Mayibongwe Buthelezi, a PhD student from the University of Pretoria, has embarked on RRS Discovery to participate in the 30th Atlantic Meridional Transect cruise (AMT30). AMT30 has departed from the Falkland Islands in February 2023 and is halfway towards completing the 6 weeks long cruise. After 3 weeks on board, Mayi tells us about his experience so far:
“In this AMT30 expedition, we will be using AtlantECO standardised protocol to explore microbial coalescence associated with dimethylsulfoniopropionate (DMSP) cycling processes (synthesis and degradation) in the South and North Atlantic Ocean. DMSP is a multifunctional organic sulphur zwitterion that is produced in prodigious amount in the global ocean by manifold group of microorganisms. In the global ocean DMSP is a precursor of volatile organosulfur compound dimethlysulfide (DMS) which get emitted into the atmosphere and contribute to the formation of cloud albedo. The process that mitigates and scatter the amount of solar radiation at least in oceanic remote areas. Our approach aims at deciphering the biogeographic traits of DMSP synthesis and degradation using a strong correlation of computational analysis of microbial taxa and genes, DMSP standing stock, ocean productivity such as chlorophyl-a content and abiotic parameters such as nutrients. This study will give us a comprehensive understanding of how the Atlantic Ocean contribute to the feedback loop mechanisms especially in the era of changing climate, microbial food web and networking associated with DMSP availability.

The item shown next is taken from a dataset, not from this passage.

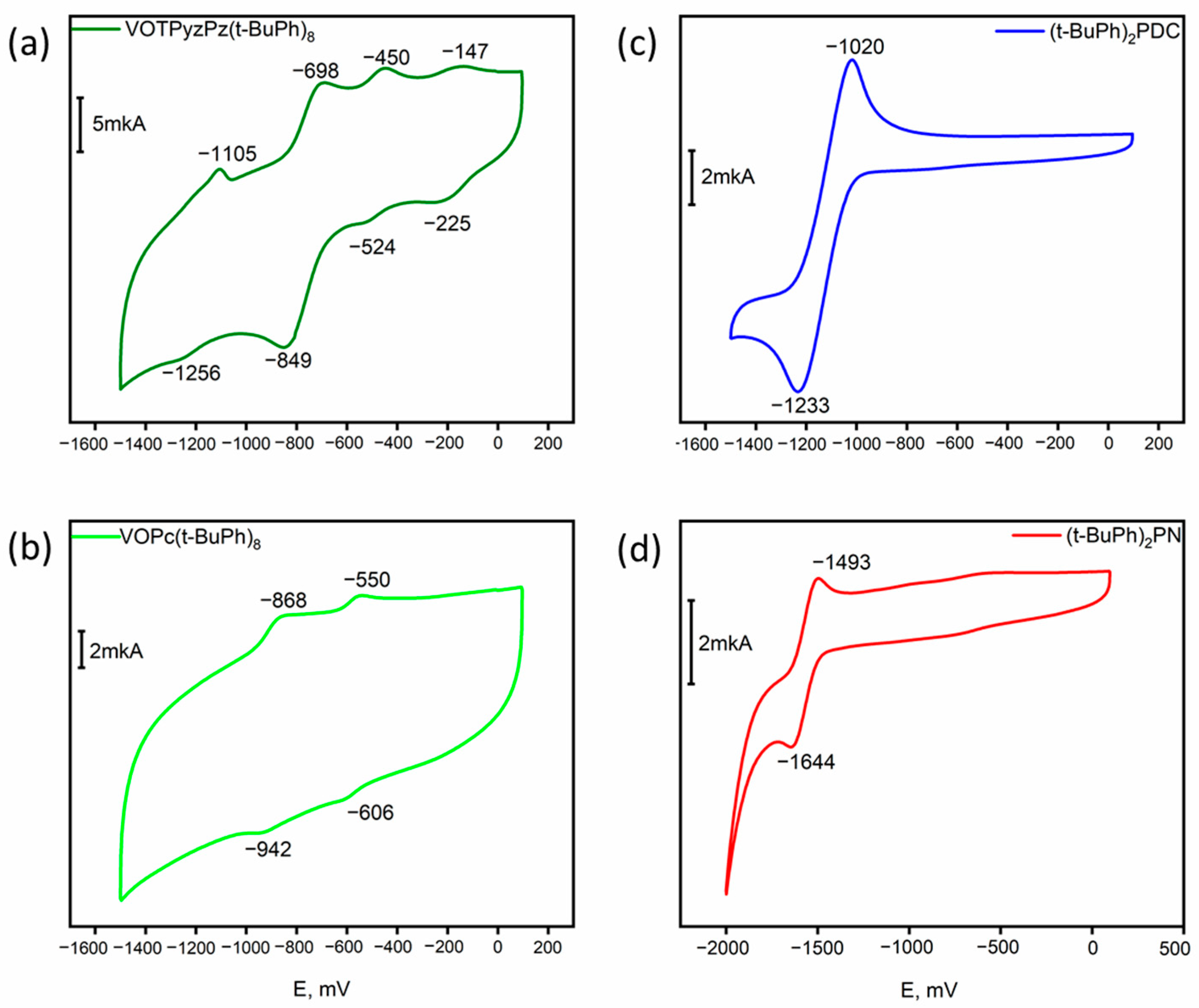 - Finogenov, D.N.; Faraonov, M.A.; Kopylova, A.S.; Ivanov, T.E.; Romanenko, N.R.; Yakushev, I.A.; Konarev, D.V.; Stuzhin, P.A. Perchlorinated vanadyl tetrapyrazinoporphyrazine: Spectral, redox and magnetic properties. New J. Chem. 2024, 48, 10067–10073. [Google Scholar] [CrossRef]

We have started with the AMT-30 cruise on the RRS Discovery on the 21st of February. I am thrilled and delighted to be part of this lifetime opportunity offered to me by AtlantECO and MicrobiomeUP. It's been an amazing experience to witness and contribute to the diversity of multi-research currently underway on board. I am without a doubt learning meaningful things each day about the Atlantic Ocean and now getting more and more intrigued about post cruise samples analyses
The daily work schedule and number of samples I am processing have unleashed some capabilities and reinforced my independence. I am thankful for the immense remote help and guidance from my PI Prof. Thulani Makhalanyane and our collaborators Dr Stéphane Pesant, Dr Frances Hopkins, Dr Ornella Carrion Fonseca and Prof. Jonathan Todd. Thanks to the support and healthy working environment led by our chief scientist Dr Andy Rees, all scientists and everyone onboard, it’s an honour to be on this cruise with them.”